I have a table which looks the following way:
Name | Region | Id |
---|---|---|
Name1 | US | 123 |
Name1 | US | |
Name2 | US | 122 |
Name3 | US | 124 |
Name1 | UK | |
Name1 | UK | 135 |
Name2 | UK | 140 |
Name3 | US |
As you can see there are empty values in the ID column which I want to be filled with the values of other rows if the column Name and Region correspond. So it should look like this:
Name | Region | Id |
---|---|---|
Name1 | US | 123 |
Name1 | US | 123 |
Name2 | US | 122 |
Name3 | US | 124 |
Name1 | UK | 135 |
Name1 | UK | 135 |
Name2 | UK | 140 |
Name3 | US |
Some of the columns will still be left empty but the majority will be fine. Is there a way to do so in R? Maybe it will be easier to so in Excel even (Vlookup maybe I am not sure). Share if you have any ideas)
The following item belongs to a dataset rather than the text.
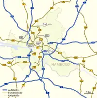 - ↑ Knittermeier, Frank (1 October 2002). "Norderstedt: B 433 wird wieder zur "Dorfstraße"" (in German). Hamburger Abendblatt. Retrieved 27 June 2017.

The order of rows is important here Eg - Name3 US in row 4 and row 8 are not related and treated differently. We can create a new group using consecutive_id
and then fill
the Id
values for each group.
library(dplyr)
library(tidyr)
df %>%
mutate(group_id = consecutive_id(Name, Region)) %>%
group_by(group_id) %>%
fill(Id, .direction = "downup") %>%
ungroup
# A tibble: 8 × 4
# Name Region Id group_id
# <chr> <chr> <int> <int>
#1 Name1 US 123 1
#2 Name1 US 123 1
#3 Name2 US 122 2
#4 Name3 US 124 3
#5 Name1 UK 135 4
#6 Name1 UK 135 4
#7 Name2 UK 140 5
#8 Name3 US NA 6
group_id
column is just for explanation purposes on how groups are created, you may drop the column if you don't need it.
data
It is easier to help if you provide data in a reproducible format
df <- structure(list(Name = c("Name1", "Name1", "Name2", "Name3", "Name1",
"Name1", "Name2", "Name3"), Region = c("US", "US", "US", "US",
"UK", "UK", "UK", "US"), Id = c(123L, NA, 122L, 124L, NA, 135L,
140L, NA)), row.names = c(NA, -8L), class = "data.frame")